Caminamos a una cafetería que estaba en la misma cuadra.
Era ciertamente acogedora, de color rosa pastel con decoraciones en madera de pino y algunas plantas. La mesera trajo el menú y ambos pedimos café y un postre.
—Sabes, últimamente siento que tengo mucho tiempo y me aburro. —comentó Amira una vez que la mesera se fue.
—¿Qué sueles hacer?
—Bueno… antes solía pasar la mayor parte del tiempo trabajando, y una pequeña parte la usaba para hacer ejercicio, y otra para leer, y una muy pequeña para ver televisión.

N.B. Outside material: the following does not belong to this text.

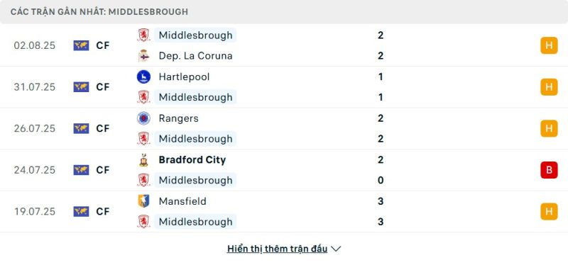 Middlesbrough bước vào mùa giải 2025/26 với chuỗi trận giao hữu tương đối tệ. Họ hòa Deportivo La Coruna 2-2, Hartlepool 1-1 và Mansfield 3-3, đồng thời hòa Rangers 2-2. Dù kết quả bất bại là tín hiệu tích cực, việc để thủng lưới khá nhiều bàn cho thấy hàng thủ của Middlesbrough vẫn chưa đạt sự chắc chắn tối đa. Kết thúc mùa trước ở Championship, họ từng giành chiến thắng quan trọng trước Swansea và nhiều đối thủ khác, cho thấy khả năng thi đấu tốt khi gặp những đội bóng quen thuộc.

Aunque, ya no leía tan seguido.
—¿Has considerado volver a leer?
—Lo estoy haciendo, pero aún así me sobra tiempo. Además, hablé con Leah, y ella me recomendó que buscara un pasatiempo nuevo. —dijo rascándose la nuca. Parece que aún no estaba muy convencida.
A Leah la había investigado, y a su familia también. Aunque ella confiara en ellos, había una pequeña posibilidad de que alguno filtrara, con o sin intención, la información. En especial Leah, que trabajaba para Amira en la corporación, y si alguien tenía un motivo, definitivamente podía ser Leah.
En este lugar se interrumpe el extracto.